На этот раз они бранились не по поводу пьянок. Мать Игоря ругала какую-то дряхлую старушку.
"Выкинула на порог свой холщовый мешок, нагло в дом залезла! - хрипела мачеха. - Уходи отсюда, - толкаю ее. Не выгонишь. "Я к Игорю приехала, а не к вам". - Может быть, спрашиваю, и квартира Игоря? - Шмыгая носом, старуха молчала. Сама с ног до головы мокрая - видимо, под дождь попала, вон сколько грязи оставила…"
- Пригласила бы в дом человека, так ведь нехорошо, - сказал отец.
- Я в гости не приглашала. Что, ей хлеб с солью поднести?!. - кричала хозяйка.
"Бабушка приехала!" - застучало сердце у Игоря. Смотрит - под столом узелок. Самой бабушки нет. "А, может, и в самом деле выгнали?" - промелькнуло в голове у мальчика. Он с упреком посмотрел на мачеху и нырнул на улицу. "Уехала, уехала", - ручьем лились из глаз слезы.
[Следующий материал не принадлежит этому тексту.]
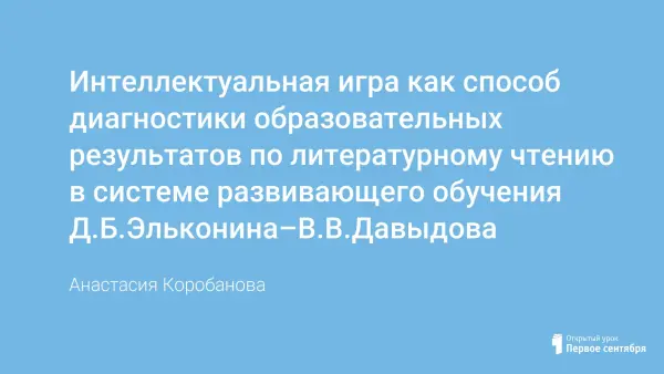 В статье представлен один из методов диагностики образовательных результатов по литературному чтению в системе развивающего обучения Д.Б.Эльконина–В.В.Давыдова – интеллектуальная игра. Нами выделены ключевые понятия, предметные и метапредметные результаты, которые можно диагностировать, представлены примеры заданий и сделаны соответствующие выводы.

Бабушки не было и на автовокзале. Паренек обездоленным кутенком завертелся на месте, не знал, что делать. И ему вспомнилась бабка Акулина, которая жила в их доме. Игорь побежал обратно.
Действительно, бабушка у соседки пила чай. Игорь сразу не узнал ее - она будто уменьшилась ростом, лицо изрезано глубокими морщинами.
- Смотри-ка, смотри-ка, он выше меня, - сквозь слезы говорила старушка, целуя внука. Скрюченные пальцы тряслись. Эту дрожь Игорь прочувствовал и тогда, когда та целовала его.
- Как же, в отца пошел. Тот со столб ростом, - подала голос Акулина. - Ты, Палага, того… переночуешь у меня. На кой там у зятя под столом валяться. - Повернулась к Игорю, добавила: - Дитятко, сбегай-ка за узелочком бабушки, кабы мать в окно не выкинула.
Отец ел на кухне. Мать с сестренкой смотрели телевизор.
- Где шляешься?! - накинулся на него отец и в ярости задел локтем тарелку с супом. Та со звоном упала. - Разве забыл, что нужно помогать сестренке делать уроки? Сколько раз говорил тебе об этом! - Попыхтел-попыхтел носом, немного смягчился. - Не нашел?
- Кого? - не сразу понял Игорь.
- Кого, кого… - вновь повысил голос отец, - бабушку!
- Она у бабки Акулины, - вздохнул мальчик.
- Она ей кто, близкая? А-а, вон в чем дело… Тоже вармазейская. Тебя еще немного нянчила…
- Вармазейская? - удивился Игорь. - Об этом я и не слышал.
- Все будешь знать - рано состаришься. - Отец встал из-за стола и резко сказал: - Пойдем вместе!
- Меня, папа, за сумкой послали. Она под лавкой.
- Я сам ее возьму, - отец поднял котомку, вышел с Игорем на улицу.
Бабушка, увидев зятя, растерялась, руки вновь затряслись. Мальчик никак не мог понять: то ли она испугалась так, то ли обрадовалась.
- Ты, Олодя, садись, садись. Стоя, половицы сломаешь, - засмеялась бабка Акулина. - Сама приоткрыла шкафчик, достала бутылку. - Здесь полстакана осталось, да ведь старуха где больше возьмет, - начала она оправдываться. - Я, Олодя, так думаю: гостю много поднесешь - опьянеет, не нальешь - обидится. Как-никак мы соседи.
- Спасибо, - промолвил отец и сел за стол.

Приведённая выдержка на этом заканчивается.